Over the same cluttered
weekend, American
International Group, which insures (among other things) corporate
bonds, played
the mendicant at the Fed's discount window, pleading for $40
billion in tide-us-over money while it tries to liquidate assets
in order to raise cash.
AIG, valued at $1 trillion
at the beginning of the trading day, on Black Monday, "lost 70%
of its value in just three hours," reported the New
York Daily News. Its stock recovered about half its losses
by mid-afternoon, but the depths sounded in the initial swoon provided
a more accurate assessment of the companys real
value, which we can round down to "bupkis."
Governor David Patterson
of New York, frantic over the prospect of losing revenue generated
by AIG which
is both exceptionally well-connected and extravagantly crooked
announced that he was altering state regulations (apparently by
executive decree) to permit AIG "to borrow against its subsidiary
assets." Meanwhile, ten of the largest American banks have announced
a plan to pool $70 billion "in a collaborative effort to prevent
any of them [from] running out of funds in an emergency." Each has
thrown in $7 billion, and any can borrow up to $23 billion.
That's not a "pool";
it hardly qualifies as a puddle. And it will be gone before the
end of the week. So, in all probability, will Washington
Mutual, which was dangling from a cliff, clinging to an exposed
tree root, at the end of last week.

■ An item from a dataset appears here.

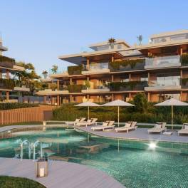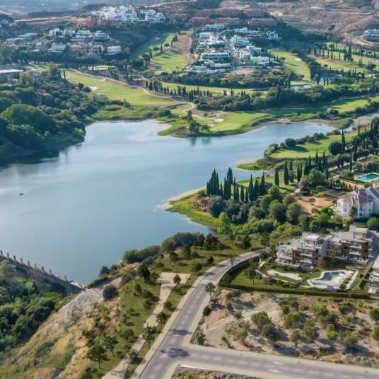 This new residential complex offers an exceptional collection of 21 apartments with two or three bedrooms, situated in the prestigious Los Flamingos area, just moments from the renowned golf course. Designed with modern living in mind, each apartment features an open-plan kitchen that seamlessly connects to spacious living areas, enhanced by large windows that flood the interiors in natural light and provide captivating views of the beautiful landscape, nearby lake, and meticulously maintained green spaces. All apartments boast generous terraces, while ground-floor residences include beautiful private gardens. Each apartment is sold with a fully fitted kitchen, underfloor heating, hot and cold air conditioning, two underground parking spaces, and a storage room. This secure, gated complex offers residents exclusive access to a pool and a fully equipped gym, adding to the appeal of this unique community. With a prime location adjacent to the golf course, just an 8-minute drive to the beach, and only 5 minutes from local restaurants and supermarkets, these apartments make an ideal choice for a second home or investment property.Completion is forecast for Q2/2027Prices from 743,000 – € 1,338,000Prices for apartments with two bedrooms fromPrices for apartments with three bedrooms from € 743,000 – € 758,000Prices for penthouse apartments with three bedrooms from € 1,090,000 – € 1,338,000Photos, views and layout may vary and are for illustrative purposes only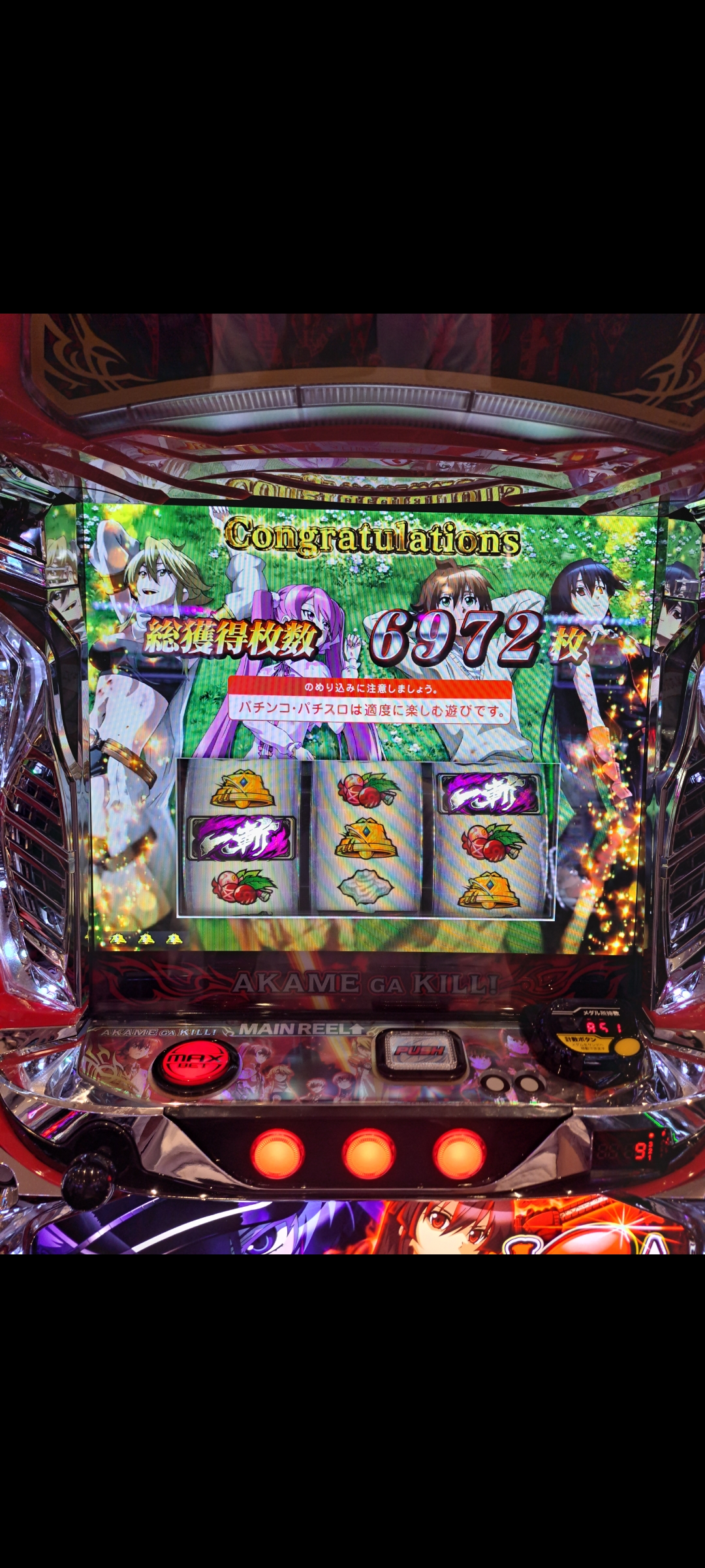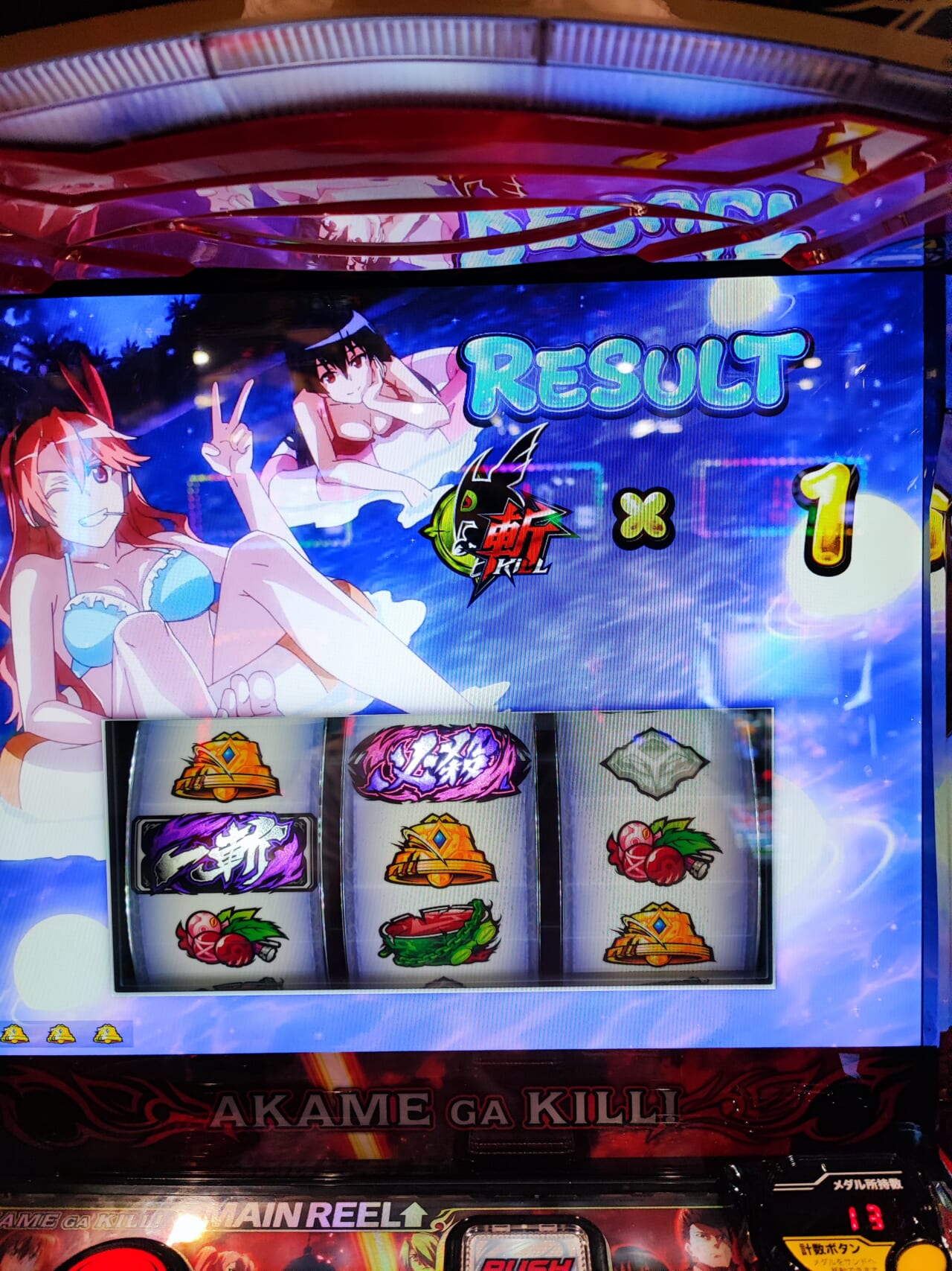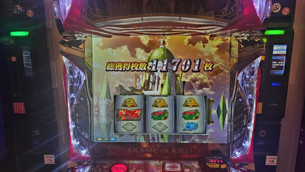 最初のATで1セット目にレア役連打して斬ポイント10P溜めてイェーガーバトル→勝利→バカンス作戦とうまく進んだ時はやれるかと思った。期待値1160枚あるならそこそこ出るだろうと思った。

Lehman's demise will almost
certainly send WaMu careening into the abyss. And there are at
least 1,000 more banks headed over the edge.
While we're accustomed
to weekly bank failures and periodic federal bailouts, the converging
meltdowns of three pillars of Wall Street in a single weekend indicates
that the crisis is accelerating and deepening in ways that our financial
overlords hadn't anticipated.
The fact that Lehman
was permitted to fail demonstrates that the overlords are now beginning
to conduct triage among themselves a spectacle that might offer
the some brief amusement for the hoi polloi until the survivors
within the Power Elite turn their undivided attention on the rest
of us.
It's likely that some
distant day, when the history of the Greater Depression is written,
the collapse of Lehman Brothers will be seen as a climacteric
for the
Fed-centric financial system indeed, for Washington's entire
apparatus of imperial power, in which that investment house played
a conspicuous role.
During the mid-1800s,
Lehman provided much of the initial financing for the railroad combine,
one of the first serious ventures in American corporatism. That
combine, a public-private partnership a prototype for what Mussolini
later called Fascism thrust Abraham the Abhorrent into the White
House, where he presided over a war of national consolidation
and pioneered the concept of a dictatorial war presidency.
Following the destruction
of the pre-1861 Union of free states and creating a unitary Corporate
State, the combine engaged
the services of the United States military to drive the Plains Indians
from lands pledged to them by treaty, but also coveted by the
combine to build its federally subsidized transcontinental railroad.
This relationship was a distant but recognizable ancestor of the
modern military-industrial complex.
Lehman was part of the
cartel that pushed for creation of the Fed. Its roster of corporate
leaders bristles with insider credentials; senior management officials
held prestigious posts on the Federal Reserve Board, in the World
Economic Forum, and in the Council on Foreign Relations. And yet
the firm is now bound for bankruptcy, a casualty of the Fed's housing/mortgage/refinancing
bubble. Pulling the plug on Lehman Brothers may be equivalent to
the sharp tug on a dangling thread that causes the entire tapestry
to unwind.
Unlike the bailout of
Bear Stearns earlier this year, no takers could be found when Henry
Paulson and Ben Bernanke tried to find a buyer for Lehman Brothers.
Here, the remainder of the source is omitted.